Chromium

Administrative data

Endpoint:

dermal absorption in vitro / ex vivo

Type of information:

experimental study

Adequacy of study:

key study

Reliability:

1 (reliable without restriction)

Rationale for reliability incl. deficiencies:

other: Comparable to guideline study

Data source

Materials and methods

Principles of method if other than guideline:

To carry out the experiments, the authors used the experience and protocols employed during the European project EDETOX (evaluations and predictions of dermal absorption of toxic chemicals), funded by EU.

GLP compliance:

not specified

Test material

Radiolabelling:

no

Administration / exposure

Details on in vitro test system (if applicable):

SKIN PREPARATION
- Source of skin: human (surgical waste)
- Ethical approval if human skin: no data
- Type of skin: full thickness skin
- Preparative technique: Skin obtainead as surgical waste. Prior to freezing, subcutaneous fat was removed and hair shaved. In addition to intact skin, damaged skin was also prepared (skin abraded by drawing the point of a 19-gauge hypodermic needle across the surface; 20 marks in one direction and 20 perpendiculars).
- Thickness of skin (in mm): <1mm ; mean exposed skin area 3.92 cm2
- Membrane integrity check: Skin integry was checked before and after each experiment using electrical conductibility by means of a conductometer (Metrohm, 660 Conductometer, Herisau, Switzerland). The electrical conductance data (as µS) were converted to K[omega]cm-2. Cells with a resistance <3.95 ± 0.27 K[omega]cm-2were considered to be damaged.
- Storage conditions: Freezer -25 C for a period up to (but not exceeding) 4 months
- Justification of species, anatomical site and preparative technique: no data


PRINCIPLES OF ASSAY
- Diffusion cell: Franz diffusion cells
- Cr metal powder was suspended in a synthetic sweat solution with pH 4.5
- Receptor fluid: phosphate buffered saline (PBS) (pH 7.35)
- Solubility od test substance in receptor fluid: no data
- The chromium powder in synthetic sweat was added to the exposure chamber.
- Test temperature: 32 C
- Humidity: no data
- Occlusion: no data
- Reference substance(s): no data
- Other: At 24 h the dermal bathing solution was removed and Cr concentration in the receptor fluid was determined by electro-thermal atomic absorption spectrometry.
After the experiments the skin was stored in a freezer at -25 C. Before analysis, the skin membranes were dried for 24 h at room temperature. Then the exposed area was cut into sections, weighted and digested in 70% v/v HNO3

Results and discussion

Absorption in different matrices:

No significant differences were found when measuring Cr concentrations in the receiving cells after experiments with intact or damaged skin.
The amounts of Cr found in the damaged skin after removing the skin from the test cells were significantly higher compared with the amounts found in intact skin (62.1 µg/cm versus 14.4 µg/cm2 respectively).

AAS analyses showed that Cr was present as ions in the donor phase. The concentrations of the Cr ions were similar in experimental cells with either intact or damaged skin. The evaluation of metal ion percentage for Cr showed that the skin contained 99% of the Cr ions. The authors suggested that it was likely that the synthetic sweat solution (pH 4.5) was not efficient enough to oxidise more than a small fraction of metallic chromium to soluble Cr ions.
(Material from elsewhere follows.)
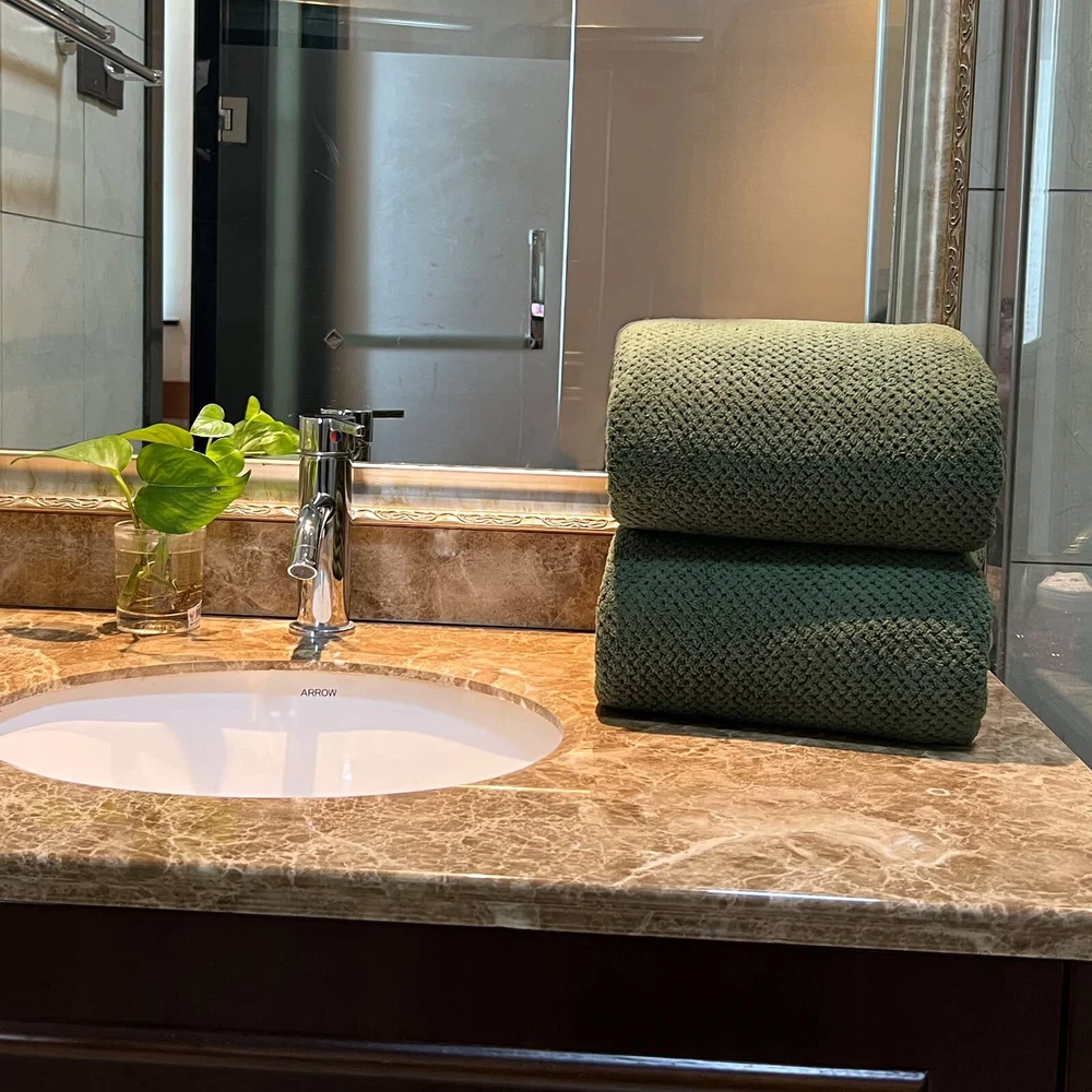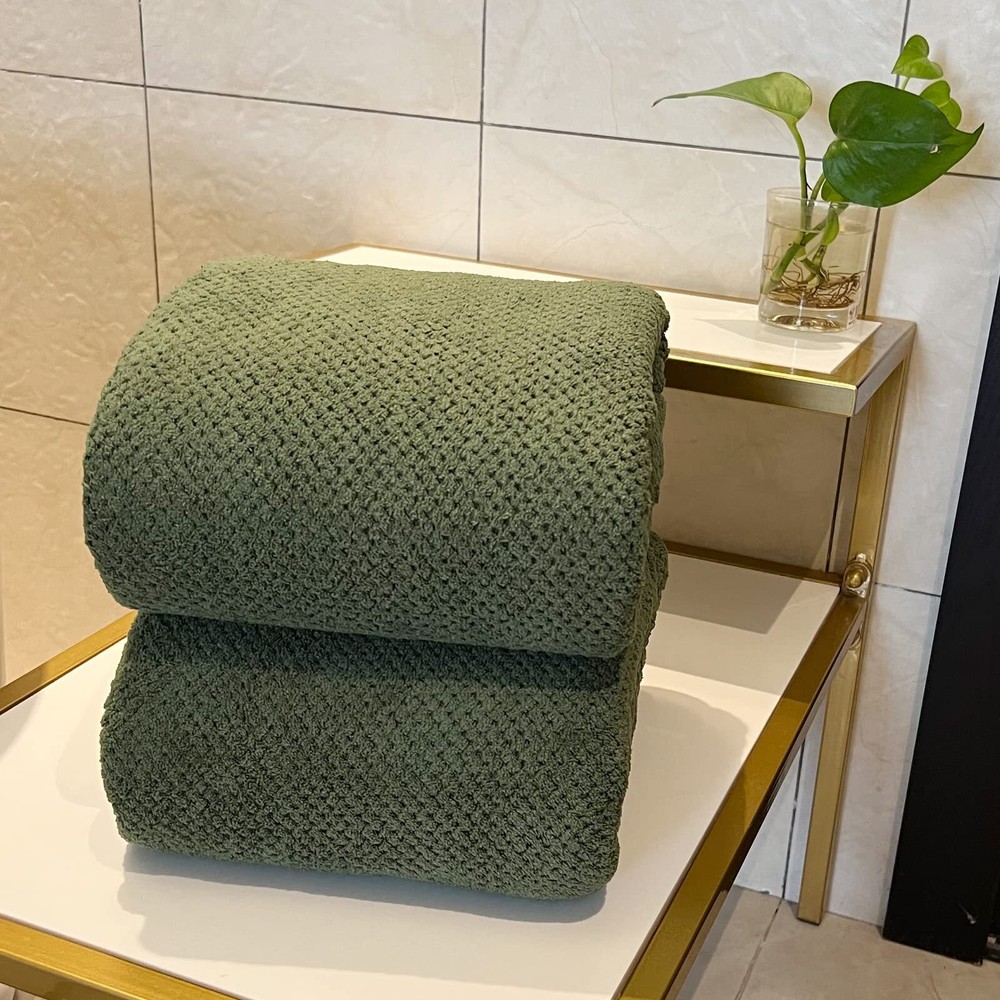 These oversized bath towels are amazing! The extra-large size wraps around perfectly, and the microfiber material is incredibly soft and lightweight—it feels like a cozy blanket. The olive green adds a nice touch of elegance to my bathroom. Super absorbent and quick-drying, they’re perfect after a shower or at the beach. Definitely worth it for the price!

Applicant's summary and conclusion

Conclusions:

The in vitro dermal absorption test showed no differences in the permeation of Cr metal through intact or damaged skin barriers. A high Cr concentration was found in the damaged skin, suggesting a strong binding of Cr to skin proteins. 99% of the total Cr(III) ions were observed in the skin. It can be concluded that the skin penetration properties of chromium are very low, even in the case of damaged skin.

Executive summary:

The percutaneous penetration of chromium metal powder, and the effects of skin lesions were studied in an in vitro model. Franz diffusion cells with intact and damaged human skin were used for the tests. Cr powder was dispersed in synthetic sweat at pH 4.5 and applied as donor phase to the outer surfce of the skin for 24 h. PBS (pH 7.35) was used for the receiving phase. The amount of metal permeating or bound to the skin was analysed by electro-thermal atomic absorption spectrometry. No significant differences were observed between Cr permeation through intact or damaged skin. 99% of the Cr ions were detected in the skin samples, indicating very low skin penetration properties of chromium.